Our View: Self-Managed Abortion with FDA-Approved Medication Is Safe and Effective
Defending Sexual and Reproductive Health
Barriers to Access
In the United States, people seeking medication abortion (a combination of mifepristone and misoprostol or misoprostol-alone) and surgical abortion face politically motivated barriers to access from anti-choice politicians. These barriers prevent people from accessing safe and effective abortion care. In many other countries, however, people are able to walk into a local pharmacy and purchase abortion kits (containing both mifepristone and misoprostol) or Cytotec (misoprostol) over the counter to end their pregnancy. Online services, such as Women on Web, have also been shipping pills to those who need them for more than 10 years. (Cytotec is an inexpensive medication that, in addition to being an abortifacient, is commonly prescribed to treat stomach ulcers and postpartum hemorrhage.) In these countries, women are able to make this decision for themselves without involving a health care provider.

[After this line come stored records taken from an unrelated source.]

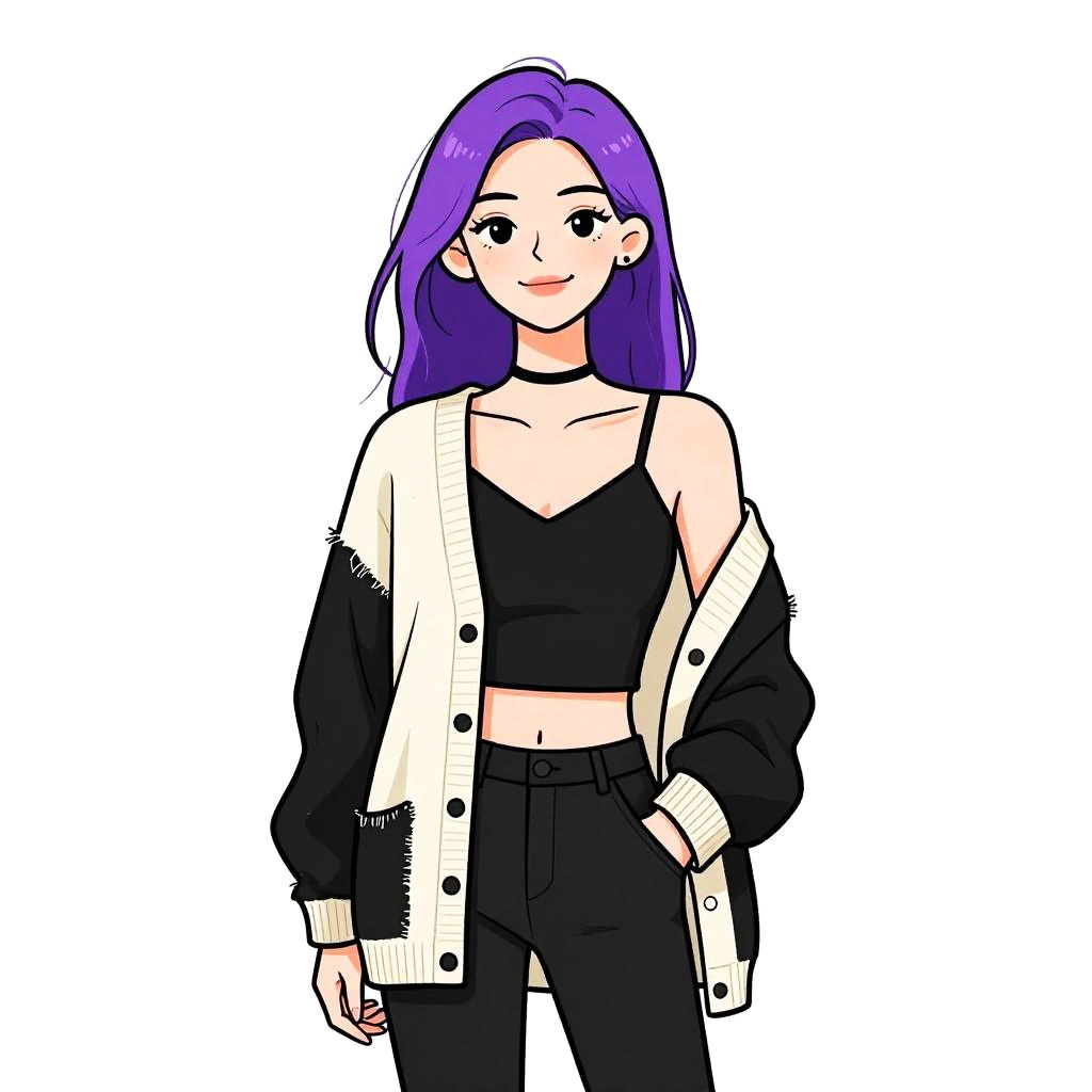 This digital drawing in a bold, anime-inspired style features a young woman with long, vibrant purple hair and fair skin. She wears a black choker, a black crop top with thin straps, and high-waisted black pants. Over her top, she has a white and black cardigan with buttons, slightly off her shoulders, exposing her midriff. Her left hand is casually in her pocket, and she has a subtle, confident smile with small, black eyes. The background is plain white, making her the focal point. The drawing uses thick black outlines and flat, bright colors, giving it a modern, graphic feel.
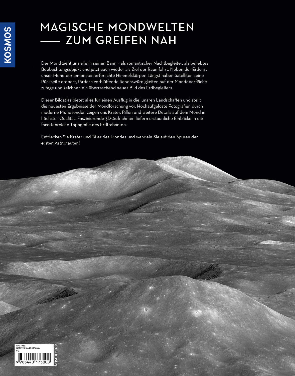 Dieser aufwendig gestaltete Band zeigt die Landschaften unseres Erdtrabanten in völlig neuem Licht. Neben einem kompletten Mond-Atlas, ergänzt durch das fantastische Bildmaterial des LRO, informiert er über die neuesten Erkenntnisse der Forschung, beschreibt den Mond als Nachtgestirn und Himmelskörper und berichtet über vergangene und zukünftige Mond-Missionen.
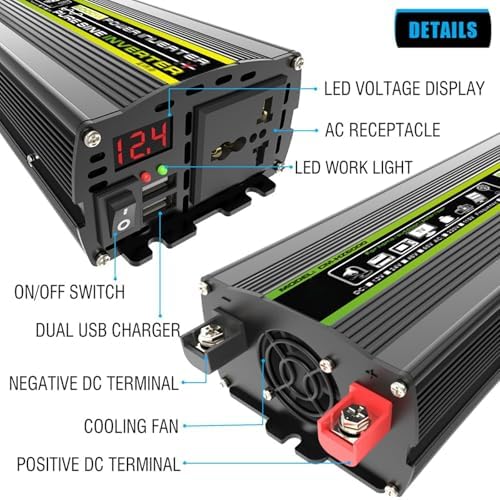 6000W Power Inverter: This versatile power inverter delivers 1000W continuous power and 6000W peak power, making it ideal for various applications. It includes a free cigarette lighter and two battery clips for easy connectivity. Perfect for camping, emergencies, or powering devices on the go. Ensure the total rated power of connected devices is ≤ 1000W for optimal performance.
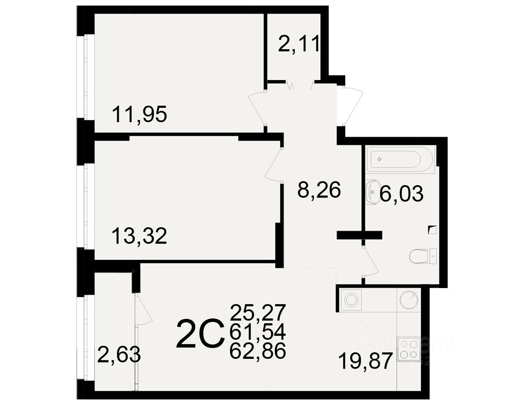 Общая площадь61,54 м2
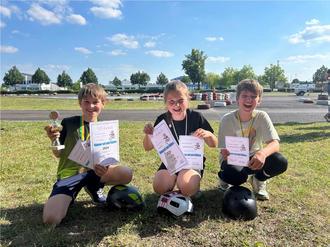 Am 25. Juni haben ausgewählte Viertklässler des Elsterschulzentrums am Kreisausscheid „Könner auf dem Fahrrad“ auf dem Verkehrsübungsplatz der Kreisverkehrswacht in Finsterwalde/Massen teilgenommen. Qualifiziert haben sich Amos Thieme, Eugenia Matusevych und Fynn Heiner, da sie bei der Radfahrausbildung in der Schule die besten Ergebnisse erzielen konnten. Beim WeRbewerb konnten sich die Schüler*innen in drei verschiedenen Disziplinen beweisen. Beim Parcours war es eine große Herausforderung, zwischen Holzblöcken entlang ein großes „S“ zu fahren, mit einer KeRe in der Hand im Kreis zu fahren oder sich während des Slalomfahrens eine Zahl zu merken. Im Anschluss war es die Aufgabe der Teilnehmer*innen, besonders langsam über 10 Meter zu fahren. Von allen Kindern gelang es Amos mit einer Zeit von 33 Sekunden, am langsamsten zu fahren, womit er den Einzelsieg in dieser Kategorie erzielen konnte. Zum Schluss musste die Gruppe noch einen Wissenstest absolvieren. In der Gesamtwertung der Gruppen belegten die Kinder als Vertreter des Elsterschulzentrums den 4. Platz. In der Einzelwertung, bei der alle Disziplinen berücksichtigt wurden, gelang es Amos Thieme, den 2. Platz zu erzielen. Damit hat er sich als einer von drei Kindern für den Landesausscheid in Potsdam im September qualifiziert. Bei diesem treten die drei besten Fahrradfahrer aus allen Kreisen des Landes Brandenburg an.
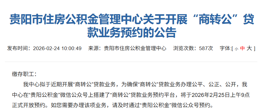 2月28日,据贵阳市住房公积金管理中心消息,其发布关于开展“商转公”贷款业务预约的公告。

People should have access to safe, affordable abortion care with the assistance of a medical provider if and when they so choose. We recognize that in some situations, it is appropriate for doctors and providers to serve as a "gatekeeper" to health care, e.g. when it takes specialized training to diagnose a condition and safely use a prescription medication. In these cases, the provider protects the patient from harm by serving in this capacity. Our values lead us to a different conclusion when a person has decided to terminate a pregnancy, however. Even if they have access to a provider, some people may choose to self-manage. We acknowledge and support that choice.
Since 2011, there has been a large upswing in the number of anti-choice bills introduced and passed at the local, state, and national levels. Barriers to provider-led abortion access have contributed to an increasing number of women seeking ways to end their pregnancies without involving a provider. When women who want provider-led care are blocked from receiving it and are forced into alternatives they would not otherwise choose, the system is broken.

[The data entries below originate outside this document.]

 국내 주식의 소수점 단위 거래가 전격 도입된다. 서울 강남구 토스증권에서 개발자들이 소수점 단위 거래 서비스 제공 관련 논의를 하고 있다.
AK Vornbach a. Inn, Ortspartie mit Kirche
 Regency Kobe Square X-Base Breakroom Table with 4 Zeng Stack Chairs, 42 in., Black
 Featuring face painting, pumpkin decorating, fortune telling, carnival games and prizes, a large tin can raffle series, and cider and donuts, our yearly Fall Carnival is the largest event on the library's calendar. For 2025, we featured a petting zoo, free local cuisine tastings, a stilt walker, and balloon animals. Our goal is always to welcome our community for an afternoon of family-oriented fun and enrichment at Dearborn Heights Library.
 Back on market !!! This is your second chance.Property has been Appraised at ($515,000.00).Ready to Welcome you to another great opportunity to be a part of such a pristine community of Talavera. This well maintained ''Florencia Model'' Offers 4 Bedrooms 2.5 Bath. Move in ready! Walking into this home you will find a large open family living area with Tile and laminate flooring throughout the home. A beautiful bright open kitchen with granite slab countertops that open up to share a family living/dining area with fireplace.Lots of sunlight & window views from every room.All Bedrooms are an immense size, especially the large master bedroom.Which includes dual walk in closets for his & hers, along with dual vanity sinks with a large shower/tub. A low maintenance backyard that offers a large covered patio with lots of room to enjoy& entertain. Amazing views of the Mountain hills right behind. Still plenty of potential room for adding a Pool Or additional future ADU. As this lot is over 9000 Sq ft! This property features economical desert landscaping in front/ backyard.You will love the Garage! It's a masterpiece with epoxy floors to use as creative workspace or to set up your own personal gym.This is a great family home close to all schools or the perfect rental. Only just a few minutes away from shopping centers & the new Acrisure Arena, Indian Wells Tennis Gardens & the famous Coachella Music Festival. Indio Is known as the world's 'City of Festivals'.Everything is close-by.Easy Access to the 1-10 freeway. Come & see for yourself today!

Eliminating Barriers to Access
But, just as some women prefer to give birth at home, so too do some women prefer to have an abortion without a provider’s involvement—and their choice should be respected. Mifepristone used in conjunction with misoprostol, and misoprostol used alone, are both safe and effective options for terminating an unwanted pregnancy. Women should not have to see a doctor, or “get permission” from the medical community, before ending their pregnancy with an FDA-approved medication.* Certainly, women who choose to self-manage should not face criminal charges for doing so. But even more broadly, medication abortion without the involvement of a provider is not a failure of the system, but rather one option of many that women ought to be able to choose for themselves.
The NWHN seeks to eliminate the full range of barriers to abortion access, from insurance coverage and cost to geography to stigma, that block women who would prefer provider-led abortion care from receiving it. But we also acknowledge and support the right of women to end pregnancies on their own, safely, with FDA-approved medicine*, and without fear of persecution.

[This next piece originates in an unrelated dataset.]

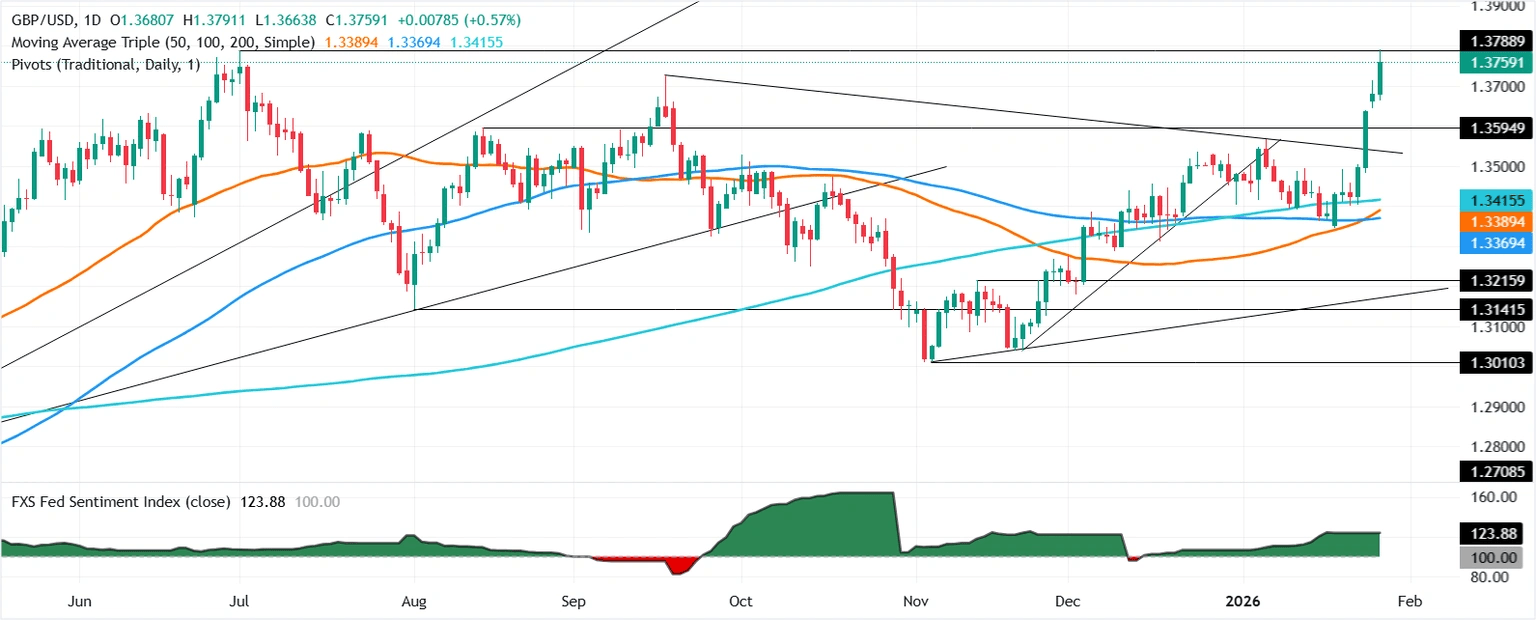 La Libra esterlina se dispara durante la sesión norteamericana del martes mientras el Dólar continúa debilitándose debido a la escalada de aranceles comerciales antes de la primera reunión de política monetaria de la Reserva Federal de 2026. El GBP/USD cotiza en 1.3776, un aumento del 0.76%. Leer más...

As a society, we must trust that people will make the best decisions for themselves and their families, even if it is not the method preferred by their provider. Reproductive health care needs are as unique as the people who have them, and we must trust people’s decisions are right for them.
Trusted websites AbortionPillInfo.org, PlanC, and AidAccess.org provide information on how to access and use abortion pills in the US without a clinician. Learn more about the role of politics in shaping access to medication abortion and what the NWHN is doing to help.
View our medication abortion fact sheet
* This paper addresses the use of FDA approved medications for self-managed abortion. It is not intended to address the use of unregulated products or techniques, such as herbs or uterine massage, where the safety and effectiveness may be unknown. We do not consider menstrual extraction as practiced by self-help groups to be self-managed abortion.